La ciencia no puede hacerlo, está fuera de su ámbito. Lea las filosofías de los aspirantes a filósofos y se desesperará, como hace siglos que los hombres se desesperaban. No tocan la mayor esperanza. Y así comienza la lucha del día entre todos los instintos cristianos de la raza, ahora heredados desde hace mucho tiempo, todos los instintos no suprimidos divinamente dados por el hombre, contra las tentaciones del mundo, la carne y el diablo.

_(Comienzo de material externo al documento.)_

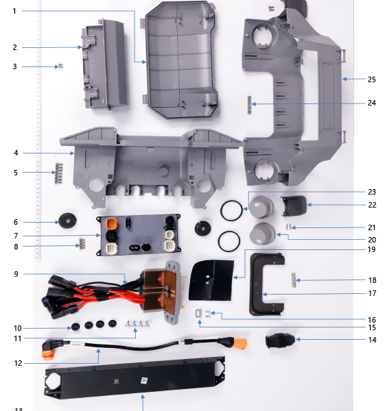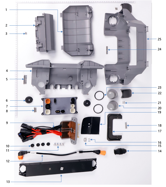 T50 Rear Frame | D1. Rear Cover of Rear Shell, D2. Lower Cover of Rear Shell, D3. Screw M30-HC060060-55-85, D4. Rear Shell Bottom Plate, D5. M40-HC01000100-072028-5103-N_01, D6. Rear Shell Sealing Stopper, D7. Spraying Power Module, D8. M40-HC01000100-072028-5103-N_01, D9. Power Distribution Board Module, D10. Damping Pad, D11. Screw (M30-HC01150050-120020-5103-Y), D12. Spraying Adaptive Cable, D13. Rear Frame Aluminum Tube, D14. Adaptive Cable Rubber Sleeve, D15. Battery Buckle, D16. Screw (M30-HC100100-55-85), D17. Power Distribution Board Waterproof Cover, D18. Screw (M30-HC00550045-055012-5103-Y), D19. Glue Baffle Plate, D20. RTK Antenna Module, D21. Screw M30-HC060060-55-85, D22. Outer Shell Side Cover, D23. RTK Rubber Ring, D24. Screw M30-HC060060-55-85, D25. Rear Shell Module |

II. En esta lucha necesitamos un refuerzo de poder. Se encuentra en las verdades de las que el Viernes Santo y la Pascua son testigos. Cristo murió para que no hubiera parte de nuestra experiencia propia de nosotros, para que pudiera mostrar que Él era un hombre. Se levantó para mostrar que la muerte no era el fin de todas las cosas; y fue al cielo para mostrar por su visible levantamiento lo que de alguna forma nos sucederá también a nosotros.

Y todo por eso, y para enseñarnos para siempre que el intervalo se traspasa por completo del hombre a Dios. Este vasto intervalo lo atravesó dos veces: descendió de Dios al hombre, subió de hombre a Dios. Él era Él mismo y es Él mismo, Dios y hombre. La cadena está completa del cielo a la tierra. Desde que Cristo vino, el hombre sabe que no es un simple animal, es divino por sus afinidades. Camina por la tierra como una nueva criatura.

Mira, dice la historia de Jesucristo, ya está completa la cadena que conecta al hombre con Dios. Si la cadena desciende hasta que su extremo inferior se pierde en fuerzas moleculares, llega hasta su extremo superior se pierde en la gloria del trono de Dios y en la persona divina de Jesucristo, quien nos ha mostrado la perfección de Dios. .

JM Wilson, Sermones en la capilla de Clifton College, pág. 155.

Referencias: Romanos 4:25 . Revista del clérigo, nueva serie, vol. ii., pág. 213; Obispo Moorhouse, Púlpito de la Iglesia de Inglaterra, vol. i., pág. 108.